Dr. Kudolo, one of the leading researchers in the Health Science Center’s School of Allied Health Sciences, received the Goland Award for his studies on the extract of Ginkgo biloba, the maidenhair tree, which is native to China. Ginkgo biloba is a widely used herbal supplement.

Dr. Kudolo’s studies to date have been conducted with a $1.2 million grant from the National Center for Complementary and Alternative Medicine of the National Institutes of Health (NIH). It was the Health Science Center’s first grant from this relatively new NIH institute.

His studies have been conducted at the General Clinical Research Center, an NIH-funded center under the partnership of the Health Science Center and the Southwest Veterans Health Care System, Audie Murphy Division.
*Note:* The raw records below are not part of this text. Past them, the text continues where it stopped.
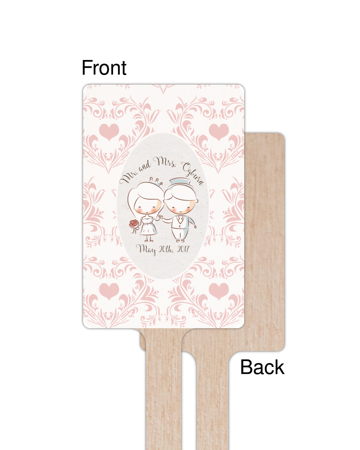 This design has an adorable bride and groom at the center of attention. They sit holding hands on a speckle textured off-white background. Above and below them is where the personalization goes, with the bride and groom's names and wedding date or whatever you choose. The textured background is a circle that surrounds the bride and groom while another background sits behind this circle. The secondary background is a white and light pink heart damask pattern, which looks adorable with the couples and their sweet rosy cheeks.
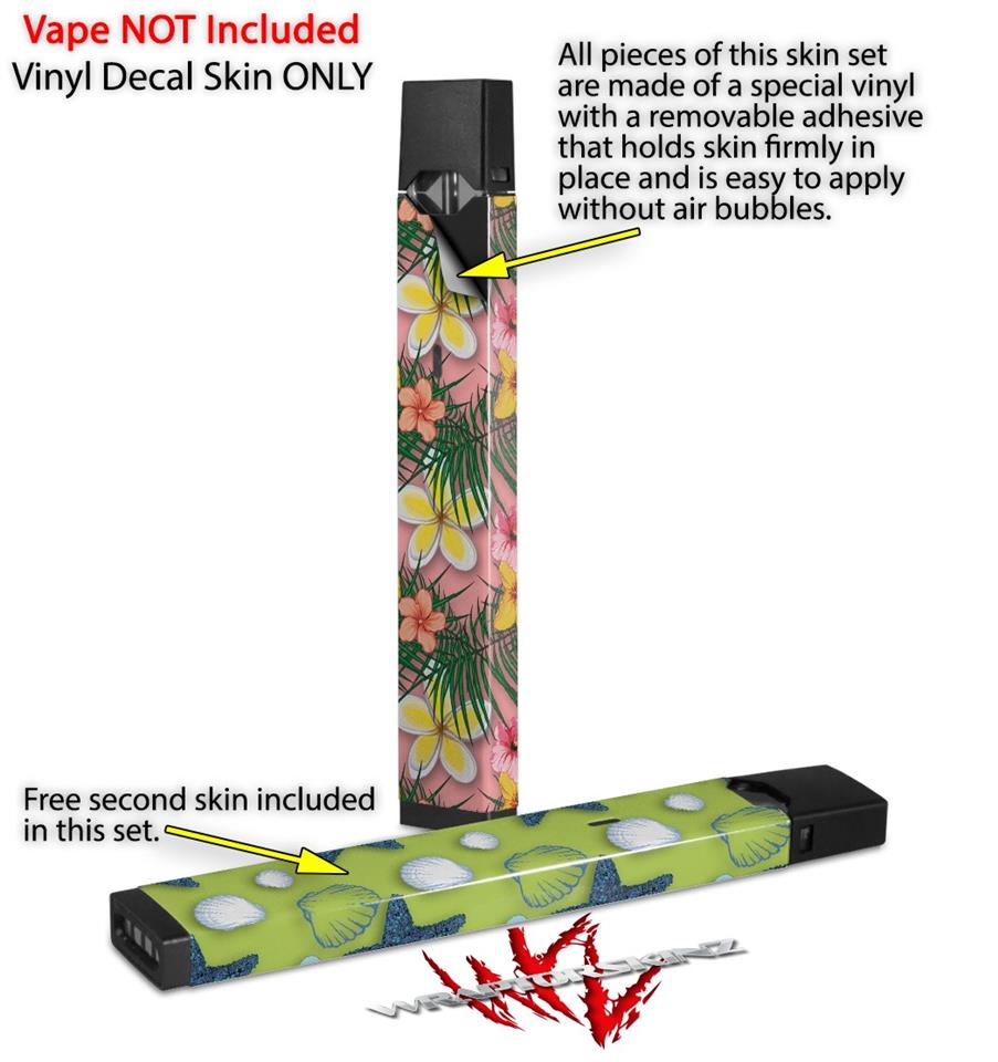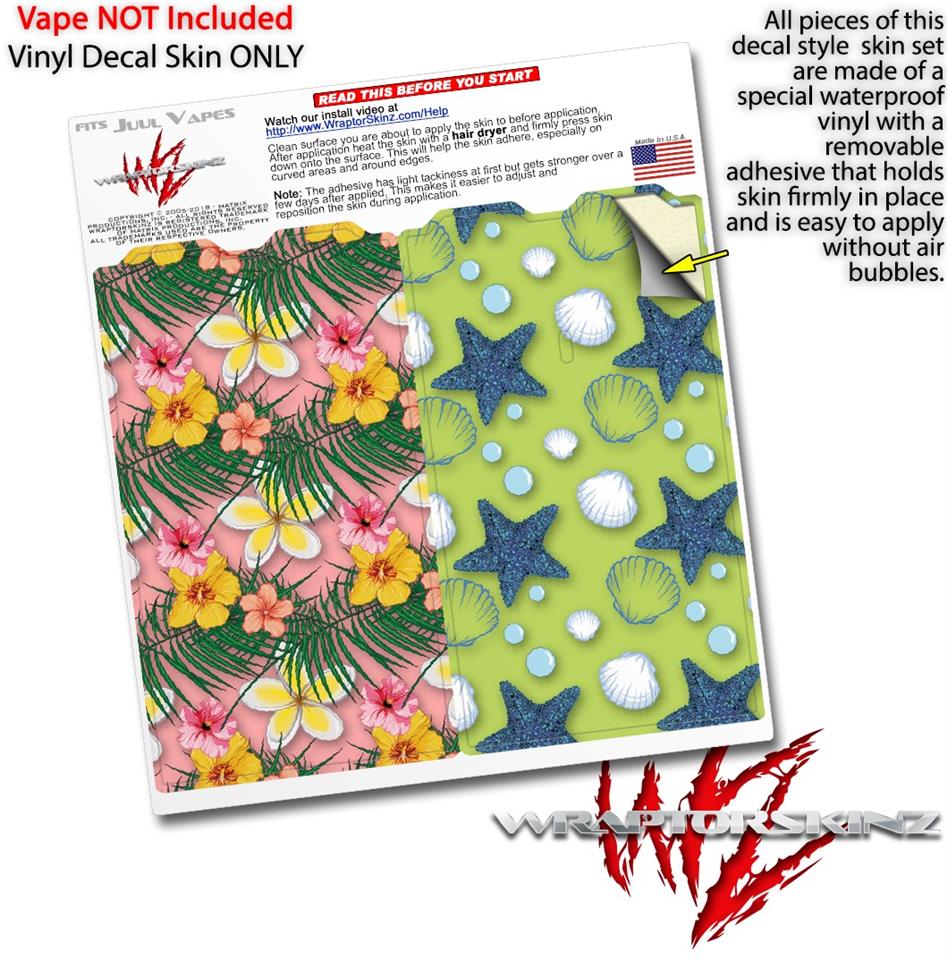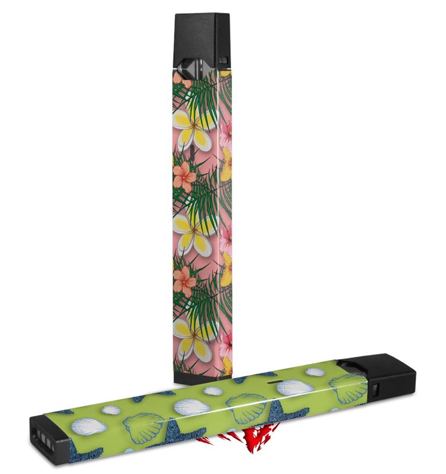 Skin Decal Wrap 2 Pack for Juul Vapes Beach Flowers 02 Pink JUUL NOT INCLUDED
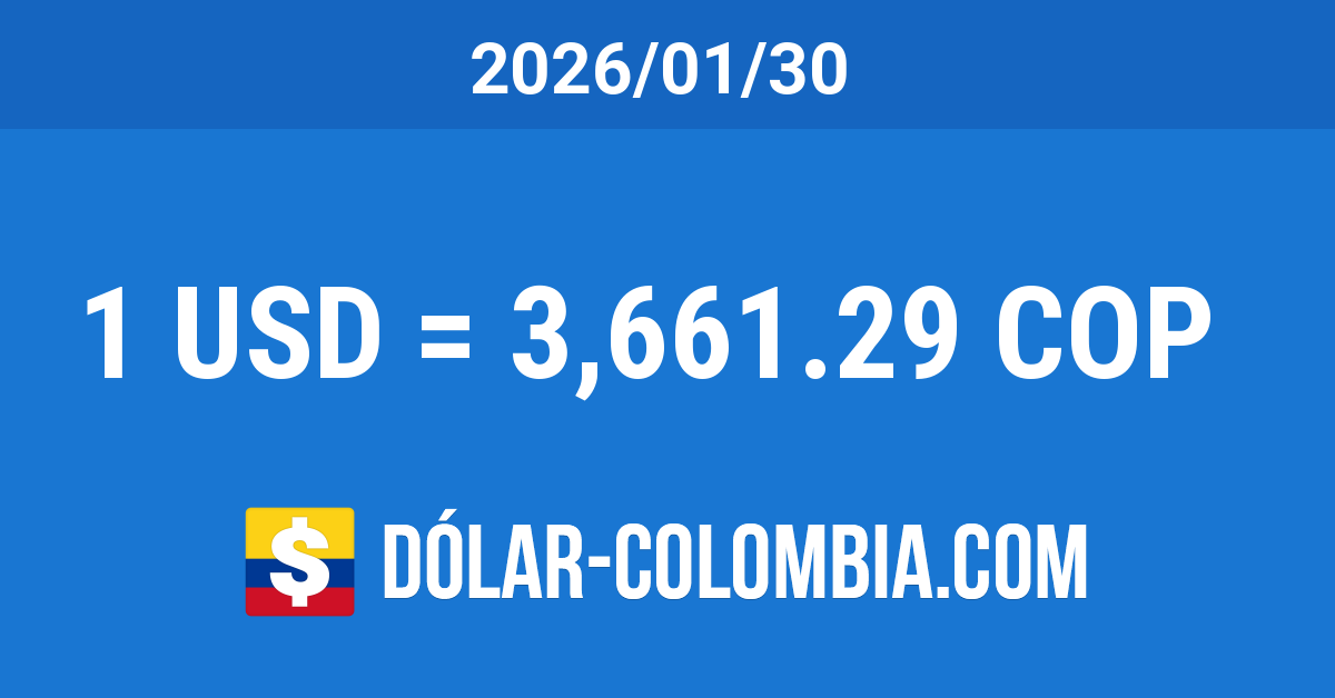 La cotización del dólar en Colombia para el día Viernes 30 de Enero del 2026 bajó 4.68 Pesos, equivalente a un descenso del 0.13% con respecto al día anterior. La TRM disminuyó un 12.74% (534.31 Pesos) en referencia al mismo día del año anterior y se redujo un 1.23% (45.68 Pesos) comparando con el mismo día del mes anterior.

This past March, Dr. Kudolo and his collaborators published a paper in Clinical Nutrition that suggested Ginkgo biloba does not cause insulin resistance, a condition that precedes the onset of type 2 diabetes. The group has also studied the herb’s effects on the pancreas, which produces insulin, a hormone that lowers blood sugar. Dr. Kudolo and the team earlier reported that insulin levels increased in a group of patients with pancreatic exhaustion who ingested Ginkgo biloba. “Ginkgo biloba has been used for more than 5,000 years, and we were the first to report its insulin-stimulating effect on the pancreas,” Dr. Kudolo said.

The Goland Award is named for the late Dr. Martin Goland, president of Southwest Research Institute from 1959 until 1997.